The research from social sciences has confirmed that physical punishment puts children at risk for a range of unintended negative consequences (Gershoff, 2008). Because physical punishment can result in adult aggression and antisocial behaviour, people affected by those negative consequences are absolutely unsuccessful in their life. Straus and Mouradian (1998) found that the more physical punishment experienced by the child, the greater the tendency for the child to engage in antisocial behaviour and to act impulsively. For example, the more physical punishment people experienced as children, the greater the percentage who, only a few years later in life, hit their spouses (Straus, 1994).

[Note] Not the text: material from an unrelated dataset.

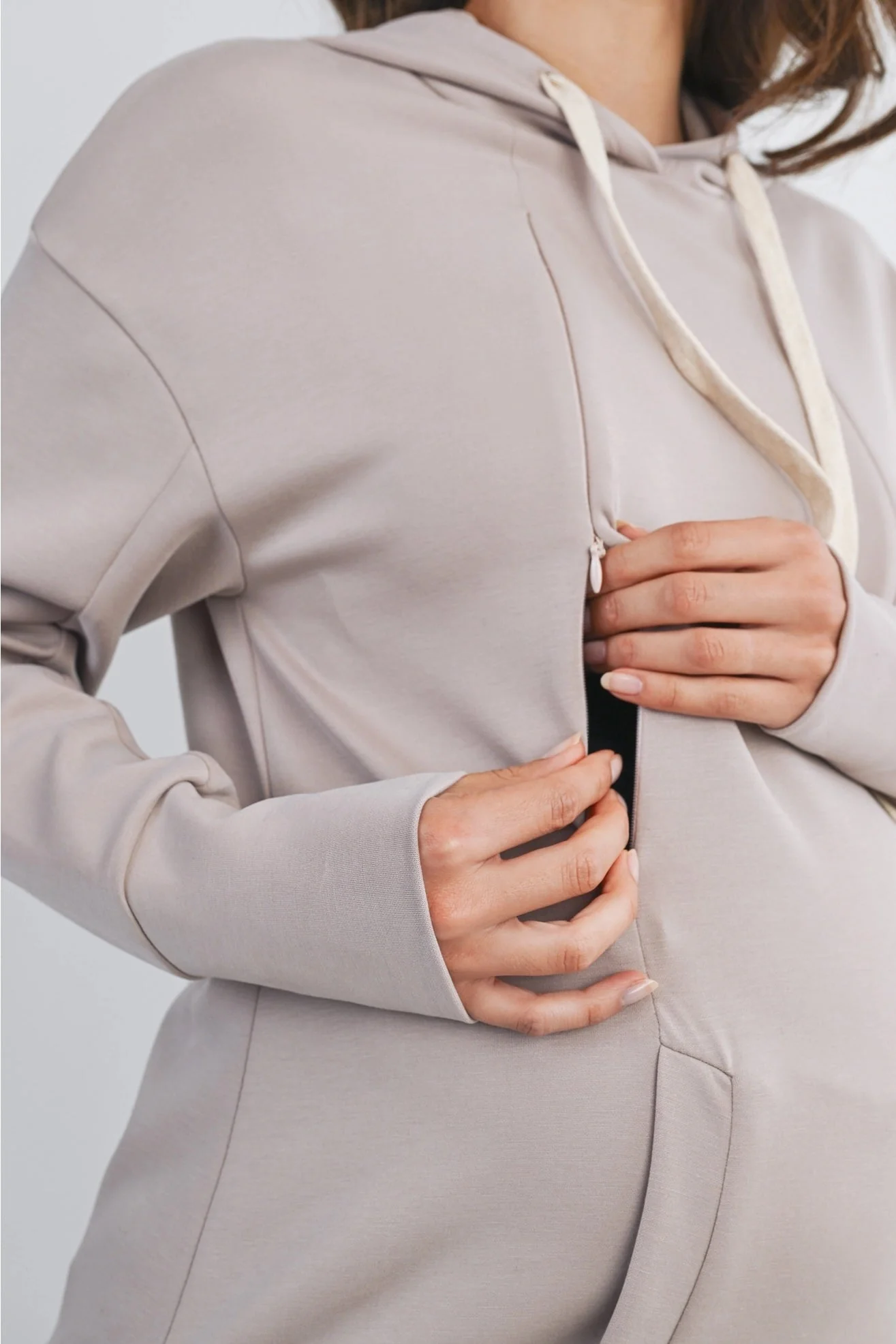 Chandail à capuchon de maternité avec fermeture éclair frontale cachée

Similarly, the more physical punishment experienced in the teen years, the higher the percentage people have a drinking problem, depressive symptoms, and thought about killing themselves.
Opponents of physical punishment think that hitting children is unacceptable in today's democratic societies; and assert that it violates those human rights of children. The trend in the world is that more and more countries have passed bills to protect children from the practice of physical abuse as a disciplinary measure both at home and in school settings (Trocme, & Durrant, 2003).
In conclusion, physical punishment is a controversial topic. It is hard to answer whether parents should use physical punishment of their children or not when disciplining them. In fact, a large number of parents still use some form of punishment that involves inflicting physical pain when disciplining their children. They think that disciplining children is their rights and responsibility. Some parents' success today results from their parents' physical punishment disciplines. Also, those parents think that parents think that physical punishment is a highly efficient and immediately effective disciplinary option for correcting misbehaviour. Not only does one child behave properly, but all other children in a family follow as well. On the contrary, the supporters of physical punishment ban advocate that physical punishment is a kind of physical abuse and violate the human rights children. In addition, research studies discussed above, demonstrate that physical punishment can lead to emotional and behavioural problems, such as depression, antisocial behaviours, family violence, and other criminal activities. If children are physically punished by their parents, they learn that when they are angry and upset in the future, hitting is appropriate behaviour for relief. Therefore, physical punishment opponents think that disciplining children by means of hitting them is not harmonious with today's modern societies. Research and expert opinion strongly suggests that due to the negative outcomes associated with regular physical punishment, it is recommended that parents primarily use non-physical methods of discipline such as reasoning and time outs with the cautious use non-abusive physical punishment such as spanking.